Summary: Nexus zkVM is best understood as the proving-runtime layer inside the broader Nexus stack, not merely as a feature page for a future chain. Its reusable mechanism is a modular zkVM built around a custom prover-oriented RISC-V machine, a fully specified AIR, a default Stwo-based proving path, and an architecture that explicitly keeps room for alternate folding schemes, precompiles, languages, and proving architectures.
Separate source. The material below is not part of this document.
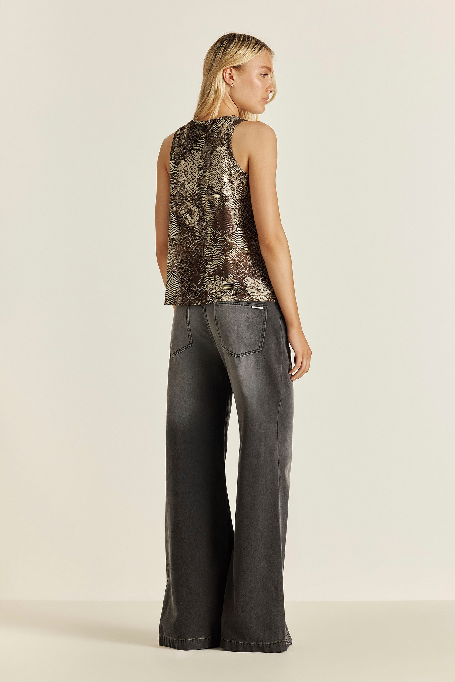 Musculosa confeccionada en género premium, muy suave y agradable al tacto. Toda la prenda está estampada con un diseño exclusivo de nuestra colección, y lleva una grifa metálica personalizada Tucci en la espalda. Un modelo único y atemporal, combinalo con el pantalon Roxette para el total look.

That makes Nexus zkVM a useful comparison class beneath or beside broader proving networks: the real control surfaces are the machine design, memory model, proof-system defaults, extension policy, and the boundary between a local prover toolkit and the larger Nexus Network distributed proving layer.
What it does:
Lets developers generate succinct proofs for arbitrary computation through a Rust-first zkVM stack
Uses a custom RISC-V32im-oriented machine and runtime rather than treating the VM as a thin wrapper around an existing execution environment
Ships with a fully specified AIR and offline memory-checking approach aimed at prover performance and auditability
Defaults to a Stwo/S-two-based prover integration while preserving compatibility with other proving constructions such as the Nova family
Exposes a developer-facing runtime, SDK, and documentation stack for guest programs, public/private inputs, outputs, logging, and examples
Positions itself to scale from local proving on a single machine to the broader Nexus Network distributed prover architecture
Key claims:
The docs define Nexus zkVM as a modular, extensible, prover-optimized, fully specified zkVM written in Rust and explicitly mark it as focused on performance and security
The docs and README both stress an open science posture: no code obfuscation, no proprietary components, no closed-source code, and fully/publicly specified cryptographic components
The architecture page says the stack includes a custom from-scratch modified-Harvard RISC-V machine, a fully specified AIR over the full RISC-V32im instruction set, and efficient offline memory checking, which makes machine design and memory policy first-order analytical surfaces rather than implementation details
The same page says the default proving path integrates StarkWare’s Stwo prover but keeps compatibility with the Nova family and future proving constructions, which means Nexus is trying to keep the runtime distinct from any single proving backend
The docs say developers will be able to extend the zkVM with new languages and custom precompiles, so extension policy and curated acceleration become part of the practical control plane
The whitepaper page describes a wider Nexus architecture spanning the Nexus Virtual Machine, coprocessors, recursive proof systems, and a distributed prover network meant to aggregate heterogeneous compute for very large workloads
The public README currently labels the zkVM experimental and not yet recommended for production use, which is important context when comparing it against more mature proving runtimes
Whitepaper: The official docs host a readable Nexus whitepaper landing page describing the Nexus 1.0 design and its distributed prover architecture. The most useful current primary-source packet is the docs plus public README; see ../whitepapers/nexus-zkvm-primary-sources-2026-05-13.md.